This module lets you use Jade easily on the browser in an AMD environment - like RequireJS.
It provides:
- a method to return an AMD wrapped Jade runtime.js
- a method to compile Jade templates to AMD wrapped functions
- connect middleware to serve the complied templates for development
- example of a build that puts files in the right place for something like RequireJS to bundle
- Jade version agnostic - it uses the Jade that you've npm installed.
npm install jade-amd
See the README.md
file in the example
folder. It contains a guided tour through all the moving parts.
These are the interesting bits:
The middleware is there for when you are developing. It intercepts requests for template js and compiles and serves the templates directly. This means that you don't need to make any changes to the browser-side code.
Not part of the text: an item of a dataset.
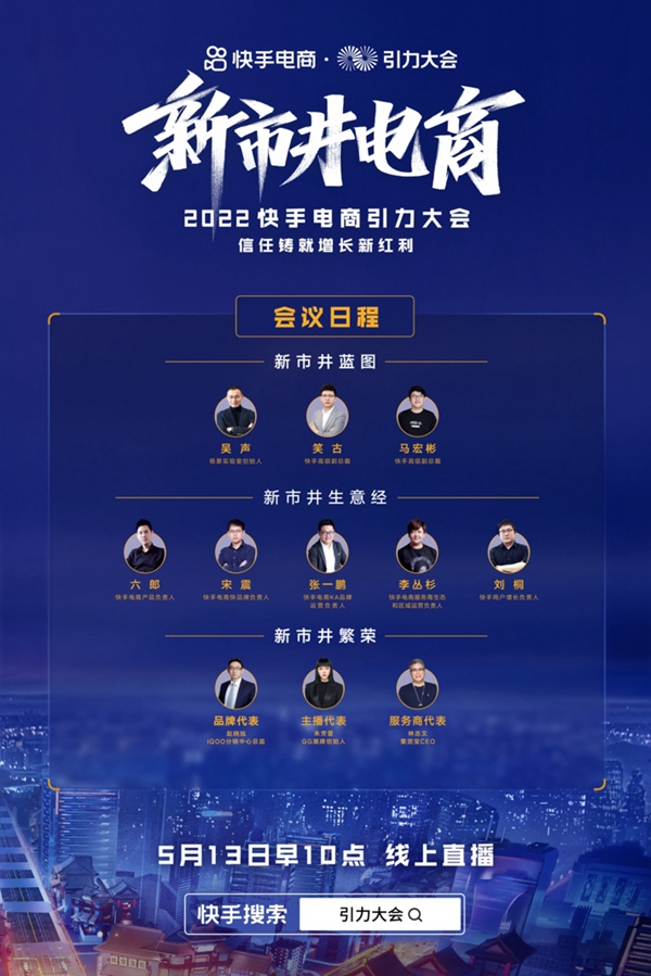 2022年快手電商引力大會于5月13日上午10點在北京舉行。2022快手電商引力大會議程包括新市井藍(lán)圖、新市井生意經(jīng)、新市井繁榮三大篇章。

var jadeAmd = require('jade-amd');
app.use( '/js/templates/', jadeAmd.jadeAmdMiddleware({}) );
Jade ships with a runtime.js
that lets you run precompiled templates on the client with out requiring the whole of the Jade templating system. Before Jade v0.31.0
this script needs to be wrapped to work with AMD loaders such as RequireJS. The following command wraps the runtime if needed, otherwise just passes it through unchanged.
# wrap Jade's runtime.js in AMD semantics
jade-amd --runtime > public/js/jadeRuntime.js
Goes through all the .jade
files and compiles them to JavaScript, and then wraps them for AMD loaders. See the README.md
and Makefile
in the example
folder for more details on how to integrate into your project.
# compile and wrap you templates
jade-amd --from views/ --to public/js/templates
Assuming that you have used RequireJS your browser JavaScript will now look something like this:
require([ 'templates/person' ], function(personTemplate) {
var rendered_content = personTemplate({ name: 'Joe Bloggs' });
});
And you can use exactly the same template on the server side!